[Opening Working data section]

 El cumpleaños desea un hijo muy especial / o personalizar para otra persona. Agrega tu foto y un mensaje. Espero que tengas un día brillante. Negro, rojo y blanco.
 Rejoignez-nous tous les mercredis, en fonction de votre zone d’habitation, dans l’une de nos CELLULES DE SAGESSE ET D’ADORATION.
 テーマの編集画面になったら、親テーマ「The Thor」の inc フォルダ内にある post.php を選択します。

[Closing Working data section]
[Opening Working data section]

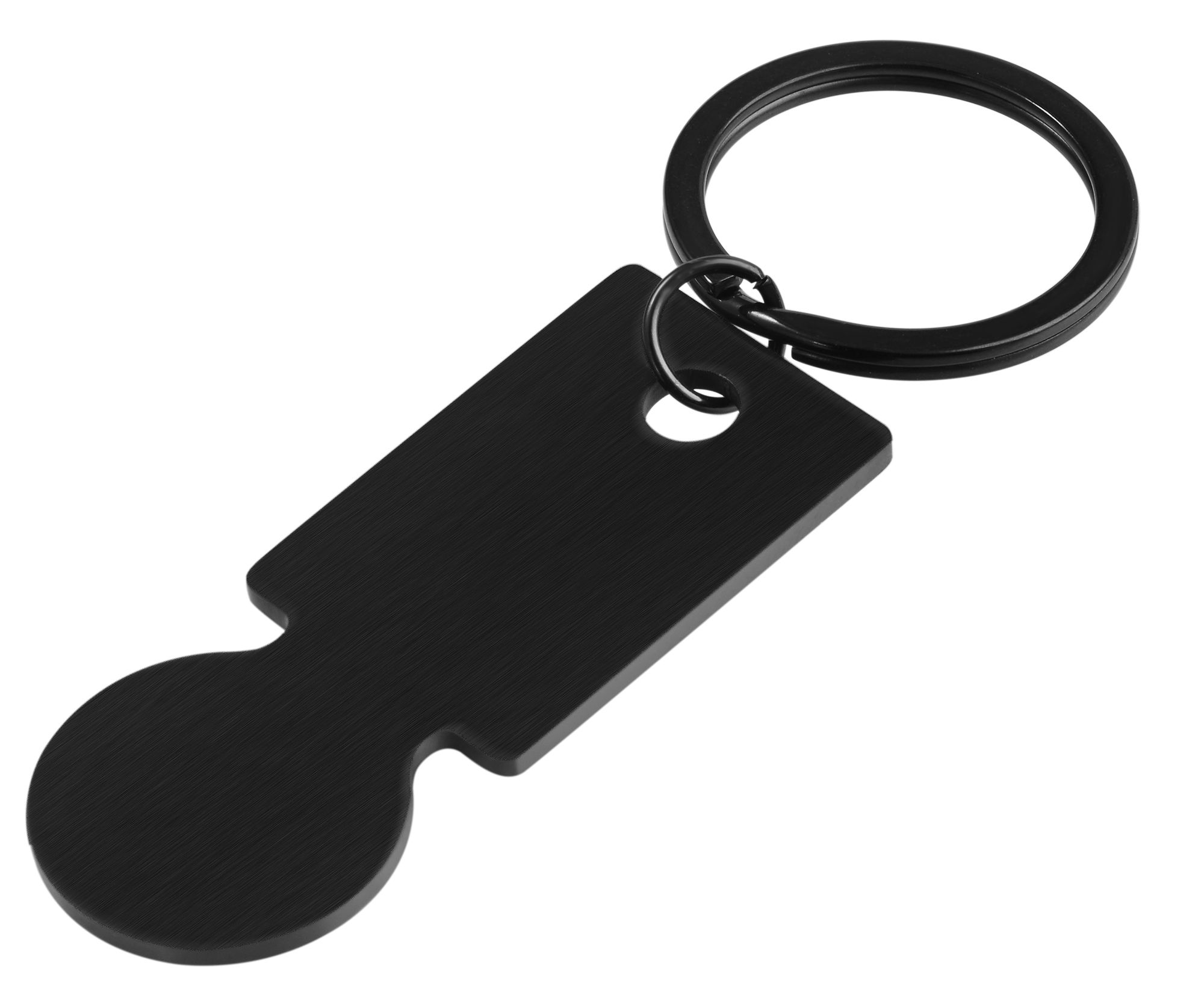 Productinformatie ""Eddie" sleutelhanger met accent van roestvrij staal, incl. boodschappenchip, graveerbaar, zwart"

[Closing Working data section]

**The task:** Going back over the entries above, copy word for word every line from the one that has "El cumpleaños desea" on through the one that has "テーマの編集画面になったら、親テーマ「The Thor」の inc".

**Response to this exercise:**
 El cumpleaños desea un hijo muy especial / o personalizar para otra persona. Agrega tu foto y un mensaje. Espero que tengas un día brillante. Negro, rojo y blanco.
 Rejoignez-nous tous les mercredis, en fonction de votre zone d’habitation, dans l’une de nos CELLULES DE SAGESSE ET D’ADORATION.
 テーマの編集画面になったら、親テーマ「The Thor」の inc フォルダ内にある post.php を選択します。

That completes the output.